The client had a 12-month Maximum Indemnity Period on their Business Interruption cover. Insurers had concerns over the potential for a sizeable loss and stipulated that they must have a Business Continuity Plan if the Business Interruption cover were to be maintained.

Inoni were appointed to undertake a full Business Continuity Planning project. From the Business Impact Analysis, they identified the following issues:

  • Full reinstatement of the factory would take 18-24 months in the event of a burn-out. This results from the extensive site and equipment and facilities within it. There are also two separate landlords, each of who would have to be involved in any reinstatement work.
  • Cash flow would be impacted in two to three months, supported by the stock bought in.
  • Most revenue comes from the production at the factory and there were no short to medium- term alternative means of supply or production of replacement stock.
  • The CNC machines are on six-month lead times, plus set up time.
  • The business has a high dependence on an ERP system, which controls production, supply chain, finance and sales.
  • Certain key raw materials have only one supplier.
  • IT is controlled by an internal team, who are “stretched”.

The solutions

Inoni started by identifying the most profitable lines and created a scaled-down list of offerings in the event of an extensive production outage. Alternative sub-contractors were identified to fulfil production based on operations which required standard machinery and for which there are more outsource alternatives. The main timber supplier was organised to supply ready-machined components which were usually produced in-house. This “stripped-down” list of products made the disaster response focused and therefore manageable, compared to trying to recover every aspect of production, which frankly as our analysis showed, would be impossible to achieve in the given timeframes.

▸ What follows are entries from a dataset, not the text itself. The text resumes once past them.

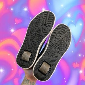 Classic Heelys with a sleek black design. Features white accents for a bold look. Ideal for skating enthusiasts. Comes with the tool to pop the wheels out:) unfortunately I don’t have the cover for the bottom after you take the wheels off.
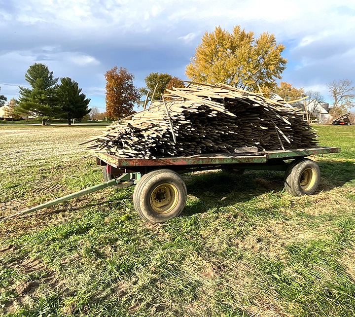 - Hay Rack on John Deere Running Gear, includes wooden stakes used for tobacco, 14ft x 7ft., 11L-15 tires
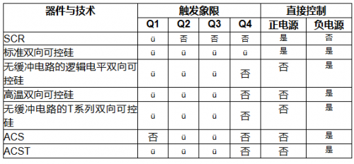雙向控硅、ACS和ACST可以在每個象限或只在部分象限被激活,具體情況視開關(guān)所采用的半導體技術(shù)。
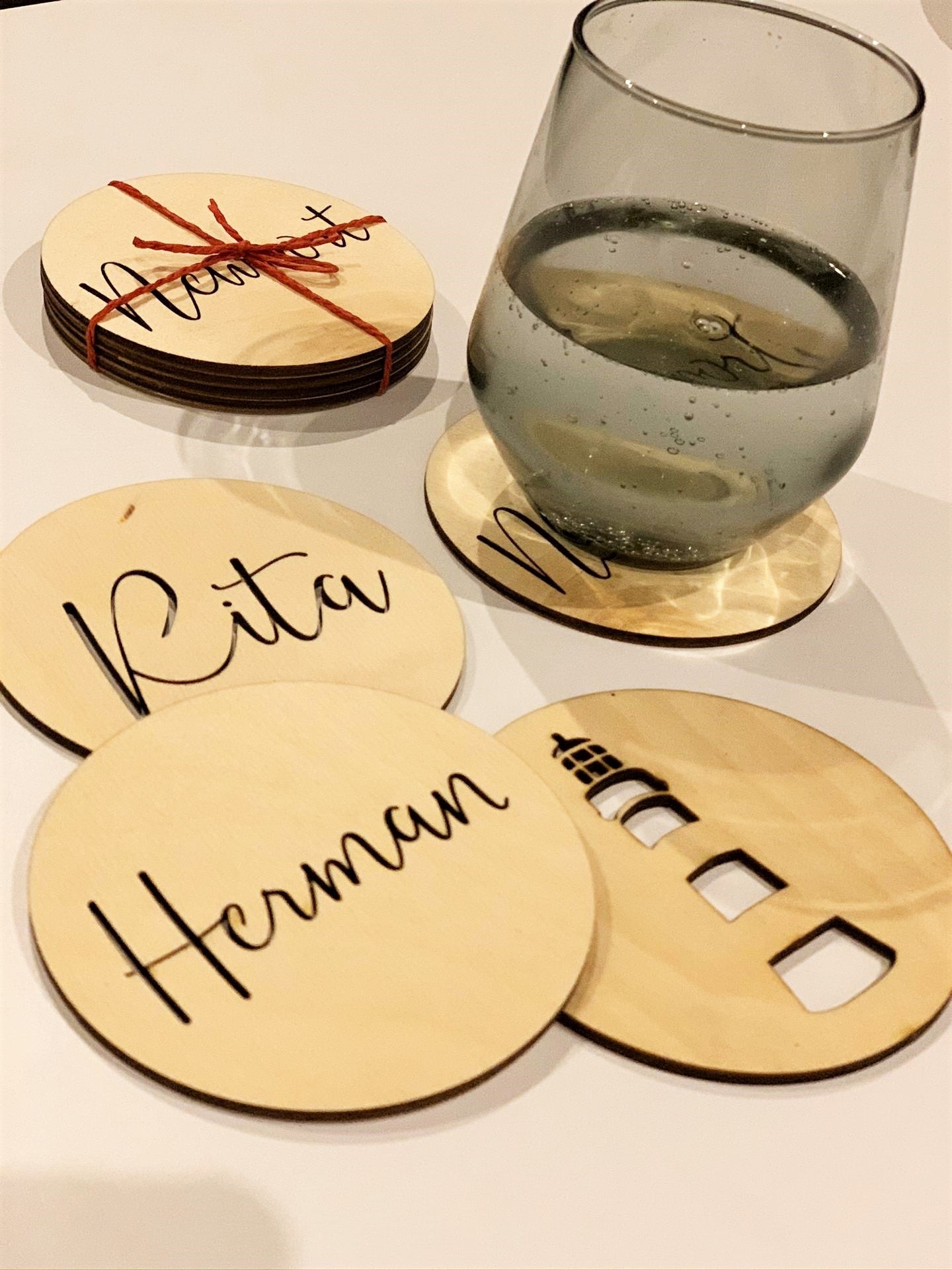 Ben je nog op zoek naar een origineel cadeau? Dan zijn deze gepersonaliseerde onderleggers ideaal! Deze mooie houten viltjes zijn ideale aanvulling als tafeldecoratie.
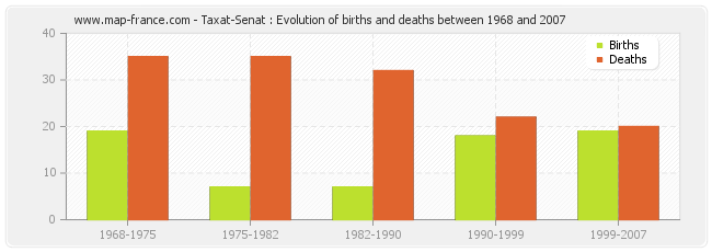 Taxat-Senat : evolution of births and deaths from 1968 to 2007
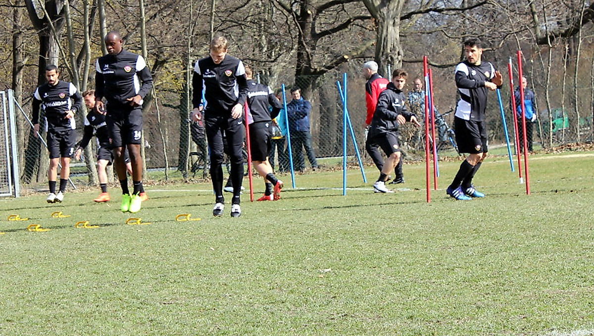 Der Tag begann mit einer Mannschaftsbesprechung und daran anschließend einem 25-minütigen Kraft- und Stabilisationstraining im Stadion. Danach begaben sich die Profis auf den Trainingsplatz im Großen Garten. Bei frühlingshaften Temperaturen und Sonnenschein standen nach der Erwärmung Sprung- und Koordinationsübungen auf dem Plan. Im Anschluss wurde an der Schnellkraft gearbeitet und ein Sprinttraining absolviert.
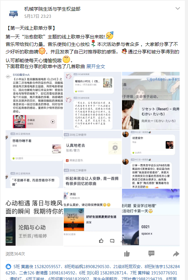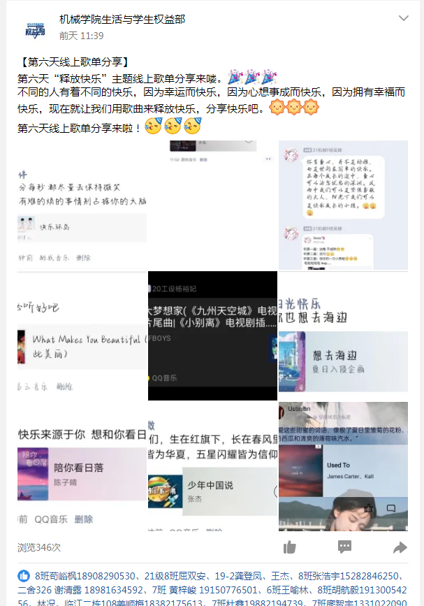 本次活动共分为:治愈甜歌,舒缓疲惫,浪漫主义,慵懒舒服,享受独处,释放快乐与超燃热曲七个不同的主题,活动期间,参与活动的同学根据当天活动的主题在活动群或是自己的朋友圈附上分享理由进行歌单分享,通过线上歌单的分享,传递温暖,传递力量。活动结束当天,评审小组会根据分享理由是否充足,感悟是否深刻,是否传递出正能量等多个维度评选出对应主题的优秀歌单,并通过官Q和推文展出。

Inoni then identified the CNC-controlled production as a secondary consideration given its complexity, long lead time on equipment and absence of suitable outsource options. An equipment list was prepared showing suitable alternatives to existing machines.  This process enabled the client to widen the search for alternative machinery in the event of damage or breakdown and thus reduce production outage.

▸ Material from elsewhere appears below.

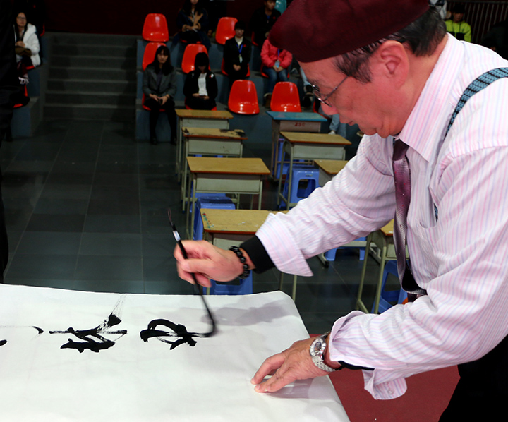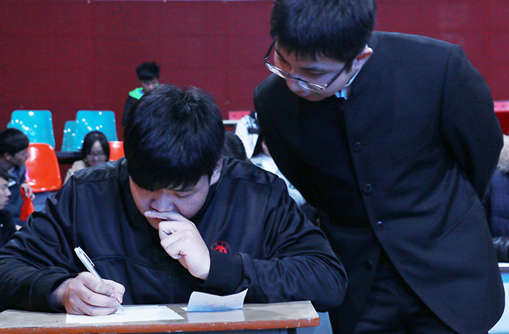 随着比赛的开始,各位评委纷纷走下场观看参赛同学的作品,现场气氛十分活跃。硬笔比赛结束后,刘艳萍老师对参赛选手的书法做出点评。随后开始了第一次抽奖活动和魔术表演。接下来的第二轮毛笔比赛结束后,吴峻峰老师为参赛作品作出点评。经过激烈有趣的毛笔比赛之后,我院文艺部及跆拳道社为同学们带来了精彩表演。
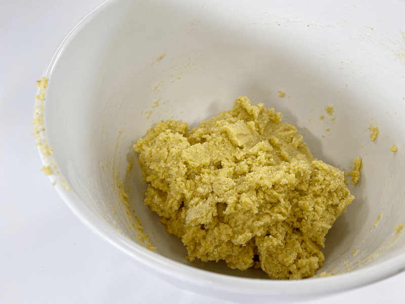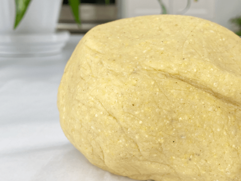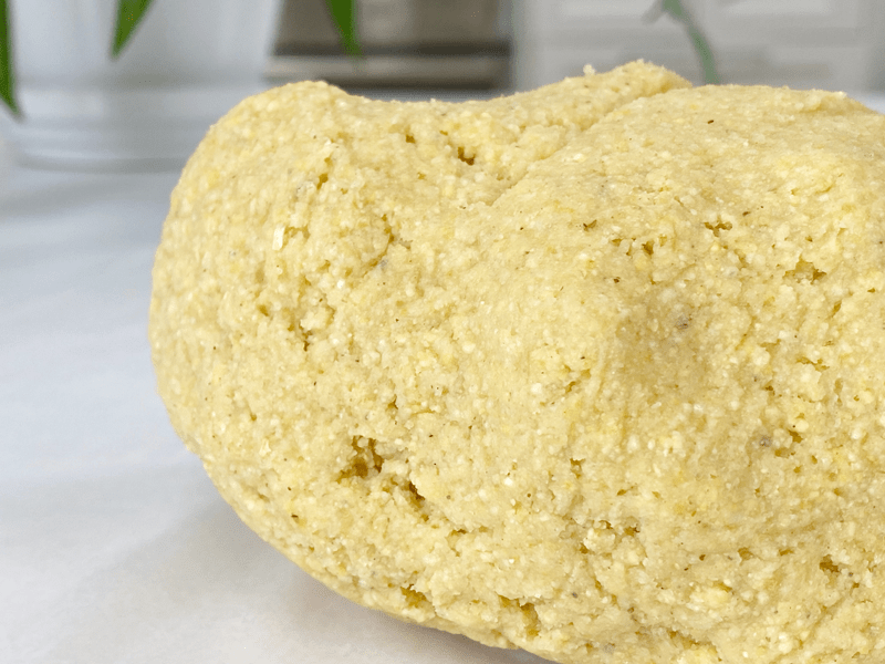 - In a medium-sized bowl, stir together the masa and hot water and mix with a spoon until the dough is formed. Then using your hands (once it’s cool enough to handle), knead the dough for 2 MINUTES, folding it over onto itself, over and over.

The Data back-up tape regime was updated to ensure immediate availability of data if the server was damaged at either the factory or head office. A project was initiated to create “real time” back up at both sites. The changes dramatically decreased the time required to reinstate core systems after damage, thus allowing the DR procedures to kick in much quicker.

A cross training framework was put in place to ensure that no one factory or head office member of staff was a “single point of knowledge”. This spreading of knowledge assisted the business to cover for any absences on a day to day basis and provides additional agility and continuity in the event of a loss.

A supply chain matrix was created to identify where there was a single supplier only of key stock/raw material, and a review conducted to establish a second in the key areas. This identified the client’s key suppliers and provided a framework to ensure that they are not exposed in the event of the loss of a supplier. With duplication of supply in key areas, there was greater resilience if a loss occurred which needed quick and substantial extra raw material.

The IT team have identified external resources required to assist in the event of an extensive loss. This enabled one team to assess and deal with any physical damage or systems recovery, while another team continued support to the rest of the business, such as at undamaged locations.

Valuable outcomes

The client now has a clear picture of their Business Continuity Risks, and has projects in place to mitigate them. They have a full BCP in place, with emphasis on fast-tracking reinstatement of the production capability, whilst alternative locations have been identified for staff and key activities for factory and Head Office, each with clear roles and responsibilities.

Insurers have accepted the BCP as a basis for renewal of the BI cover, with increased Maximum Indemnity Period of 18 months and additional Supplier Extensions on the website business and main timber supplier.

Key takeaways

  1. It is usually impossible to recreate an entire production capability in the short term. It is therefore useful to identify the most profitable and popular products/ services and focus recovery operations on them.
  2. Critical gaps or single source situations in the supply chain can go unnoticed. It therefore needs regular review to ensure that you have options in key areas.
  3. Most businesses are heavily dependent on systems/IT and the data flowing from them. It’s vital that you ensure that these systems will continue to be available through having off site or Cloud-based back up.

The right insurance

Representing correctly the right length of indemnity period along with the correct insurance gross profit is vital to any business interruption section of an insurance policy. Working with Kerry London we understand the challenges faced by businesses and can assist your business identify the correct term and sum insured. A resilient Business Continuity Plan greatly assists identifying the required detail. In addition, we understand how insurers like to reduce risk through various different methodologies and can assist you with discussing those methods.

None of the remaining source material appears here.